His first foray as a developer began with the development of the tiny town of Colville in the 1850s, which is known today as Elwood. After that venture failed, Landis became partners with a Philadelphia banker named Richard Byrnes, and began to develop the town of Hammonton. They purchased 5000 acre of land along the Camden and Atlantic Railroad, connecting Camden and Atlantic City. By 1860, Hammonton had over 2,000 inhabitants, and was a successful agricultural community.

When they began to disagree over the future of Hammonton, Landis decided to sell his share of their real estate business to Byrnes and moved on to develop the town that would eventually become known as Vineland. He purchased 20000 acre of land in 1861, near Millville, New Jersey, and along an existing railroad line with service to Philadelphia. The first houses were built in 1862, and train service was established to Philadelphia and New York City, with the population reaching 5,500 by 1865.

In addition to banning the sale of alcohol, Landis required that purchasers of land in Vineland had to build a house on the purchased property within a year of purchase, that 2½ acres of the often-heavily wooded land had to be cleared and farmed each year, and that adequate space be placed between houses and roads to allow for planting of flowers and shade trees along the routes through town. Landis Avenue was constructed as a 100 ft wide and about 1 mi long road running east–west through the center of the community, with other, narrower roads connecting at right angles to each other. The actual town was only one mile square, running from Park Avenue to Chestnut Avenue, and from East Avenue to West Avenue. The surrounding area, which was primarily agricultural, was called Landis Township.

After determining that the Vineland soil was well-suited for growing grapes (where he got the name), Landis started advertising to attract Italian grape growers to Vineland, offering 20 acre of land that had to be cleared and used to grow grapes. Thomas Bramwell Welch founded Welch's Grape Juice, and purchased the locally grown grapes to make "unfermented wine" (or grape juice).

In 1880, Landis purchased Ludlam Island, a barrier island on the Atlantic Ocean shorefront, with the intention of building a city like Venice, Italy, to include canals, fountains and other public art. While the Venice aspect of the project was less than successful, his Sea Isle City Improvement Company brought residents to the area, which separated from Dennis Township, and was incorporated as Sea Isle City, New Jersey, on May 22, 1882, based on the results of a referendum held six days earlier. The main street today is called Landis Avenue.

Landis also had a hand in establishing other small towns, including Landisville. He planned to make it county seat of a new county called Landis County, which would incorporate land from the surrounding counties. However, the locals were against this, and began calling him "King Landis". Landisville has never eclipsed Vineland in importance.

== Uri Carruth trial ==
After articles were published in the Vineland Independent questioning the sanity of Landis' wife, Landis calmly walked into the office and shot Uri Carruth, the paper's editor, in the back of the head. Carruth lingered for months, but when he died Landis was charged with murder.

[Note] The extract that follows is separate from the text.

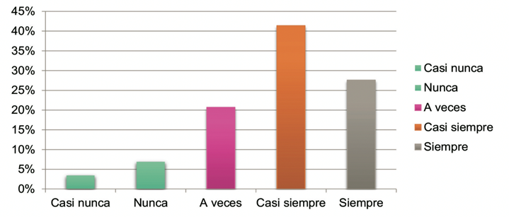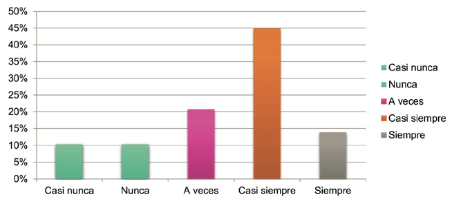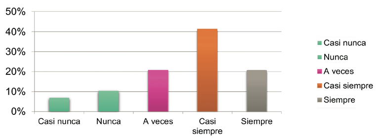 Los resultados del gráfico 3 muestran que el 7 % del docente encuestado respondió, “casi nunca” la formación recibida le sirve para dar respuesta a las necesidades educativas del estudiante, el 10 % “nunca”, el 21 % “a veces”, 41 % “casi siempre”, 21 % “siempre”; se muestra que la mayoría está preparada para desarrollar procesos educativos de calidad, sin embargo, al triangular los resultados, un alto porcentaje del profesorado presenta debilidad en su formación para responder a procesos creativos e innovadores, afirman: “El MINERD debe capacitarnos para atender de forma innovadora y creativa la diversidad del aula (02, 05), Lo recibido en las universidades no es suficiente, necesitamos formación y capacitación para desarrollar buenas prácticas áulicas (010, 015, 019)”. La voz del docente evidencia la necesidad de formación para superar el desfase pedagógico, didáctico, metodológico y tecnológico en la formación del docente.
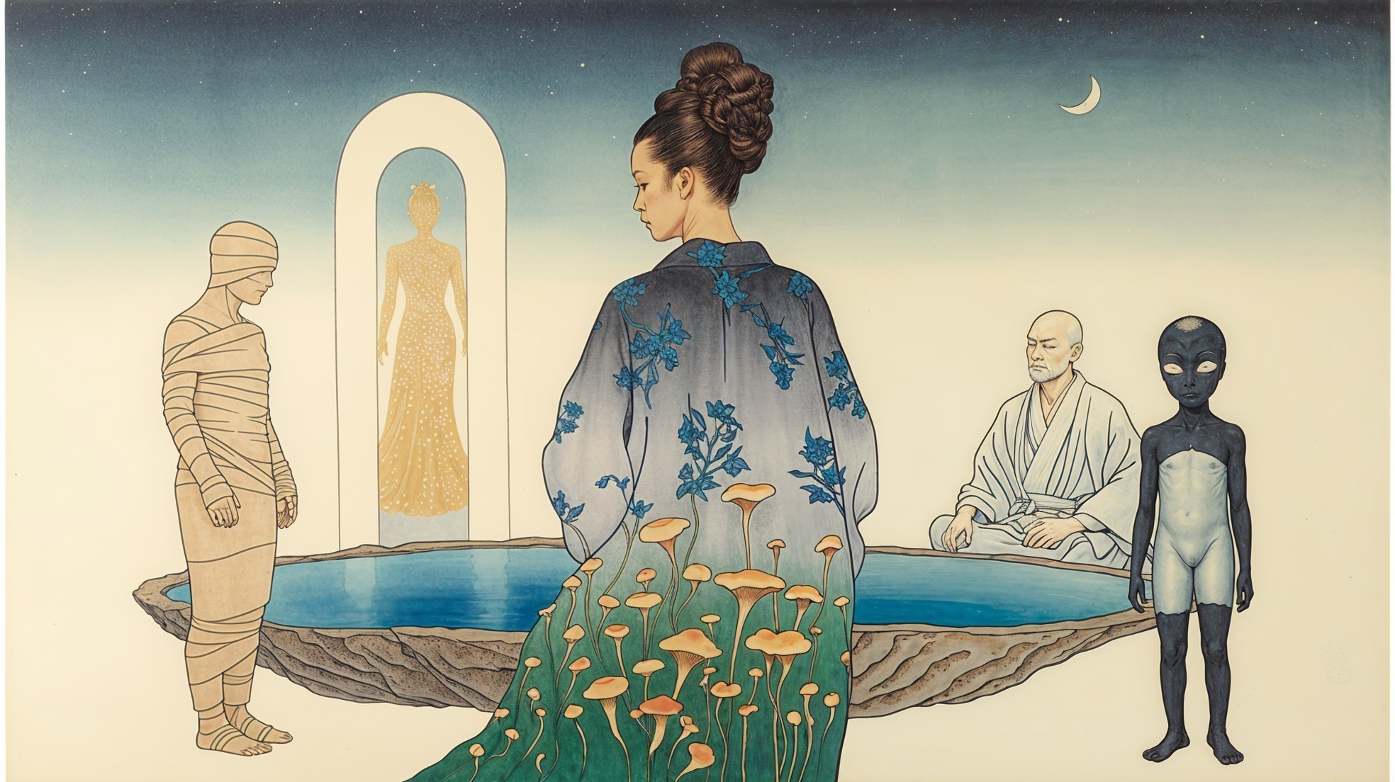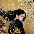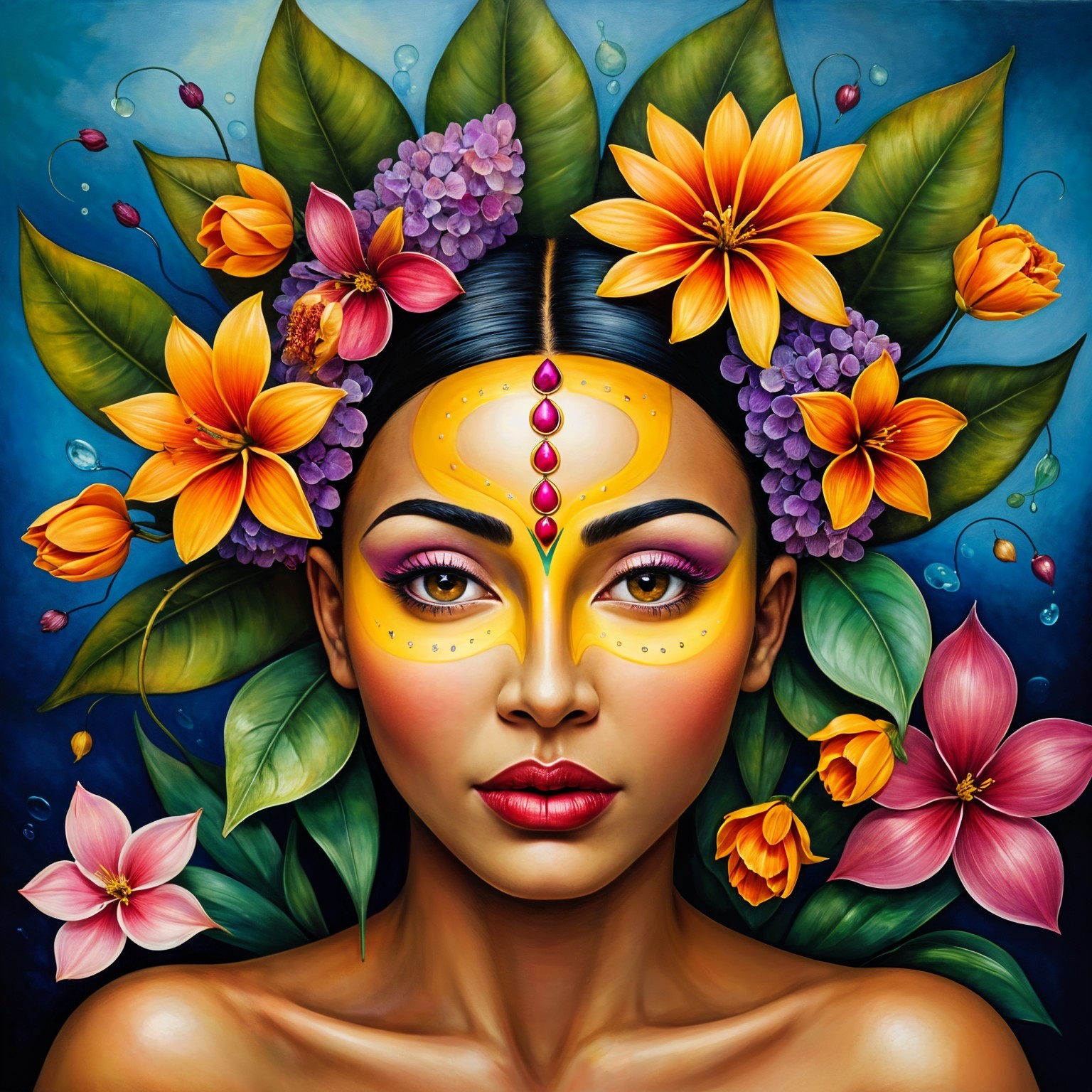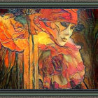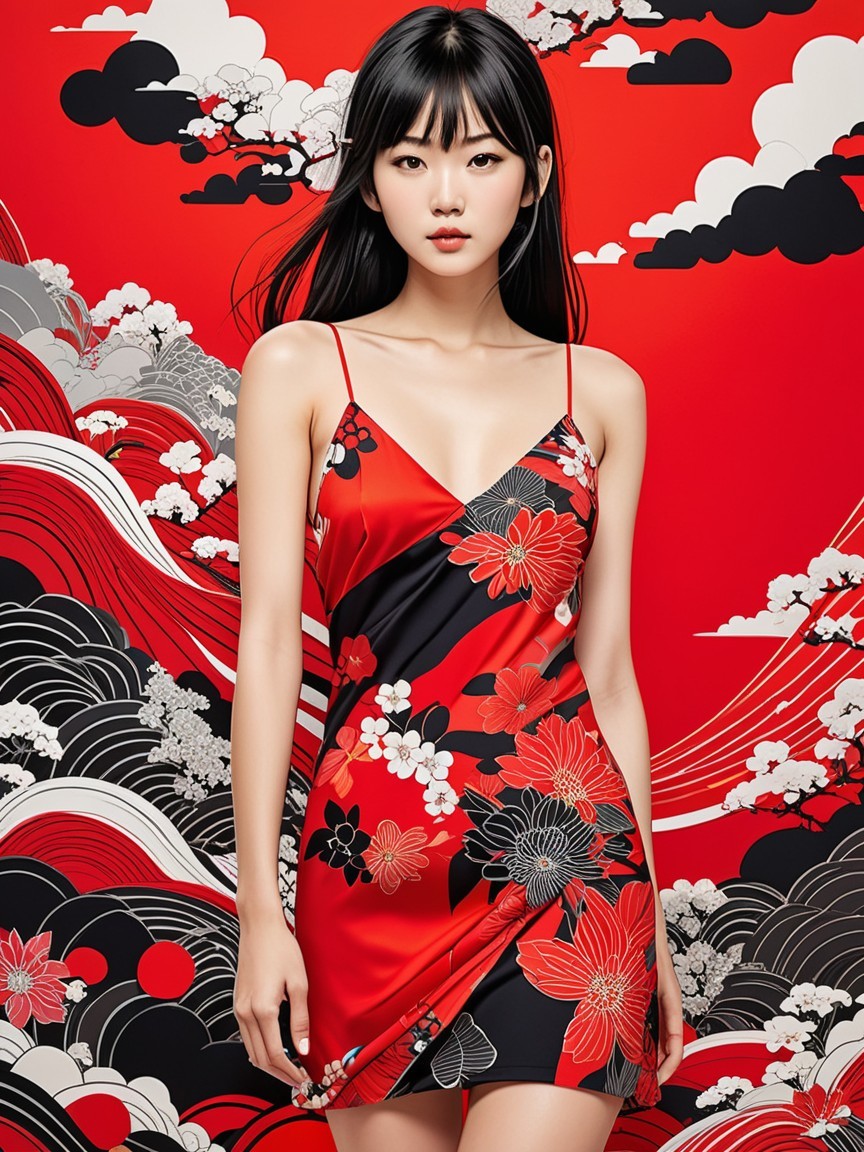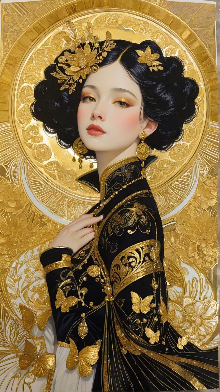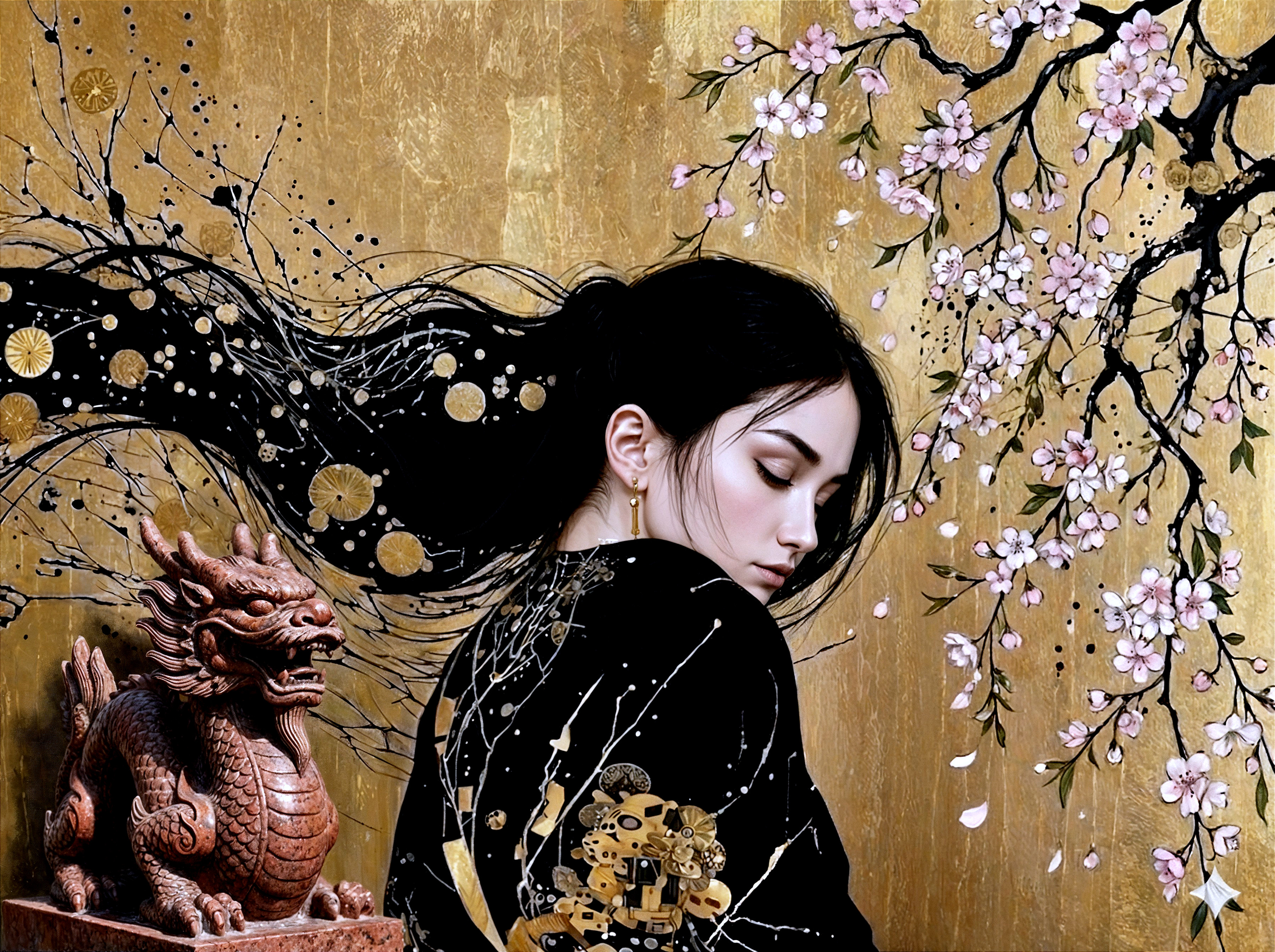 Prompt: Masterpiece, a multi-block color woodcut and linocut print in the style of an exquisite Japanese folio. A frontal close-up of a Japanese woman is rendered with profound detail and symbolic restraint. She wears an intricately patterned ceremonial silk kimono, its designs carved with meticulous, precise lines in a palette of rich, flat colors: deep crimson, golden yellow, vibrant magenta, and indigo blue. Her hands and underarms are hidden from view, each tucked into the opposite sleeve in the traditional, formal posture. The sleeves are bunched at the ends, their lowest edges deliberately cut off by the frame, implying they are wet with unseen tears a powerful symbolic absence. Her face is stone-still, carved with minimal, serene lines that convey profound, contained emotion. Behind her stands a row of young ginkgo saplings in autumn, their fan-shaped leaves rendered as a uniform tapestry of solid, bright yellow, creating a stark, beautiful contrast against the complexity of her kimono. The composition is one of masterful clarity and emotional depth. The high-contrast between the vibrant kimono and the bright yellow leaves emphasizes her stillness and inner sorrow. The print is a study in restraint and symbolism, where what is hidden speaks louder than what is shown. Ukiyo-e, woodcut, linocut, key block, bold outlines, flat colors, symbolic, atmospheric, high-contrast, textured, stylistic, masterful.

Landis was found not guilty based on temporary insanity in a sensational 1875 trial. This may have been the first time in American judicial history where a person claimed insanity as a reason for being not guilty . Carruth had moved from Wisconsin to Vineland after reading of Vineland's "healthful climate" in one of Landis' promotional advertisements for the city, but later came to create a rival newspaper to Landis'.

== Personal life ==

Landis was born in Philadelphia to Michael G. and Mary L. Landis and was educated as a lawyer. Charles Landis died on June 12, 1900, at the age of 67 and is buried in Siloam Cemetery in Vineland, a cemetery that was established on land donated by him in 1864. A collection of Charles Landis possessions can be viewed at the Vineland Historical Society.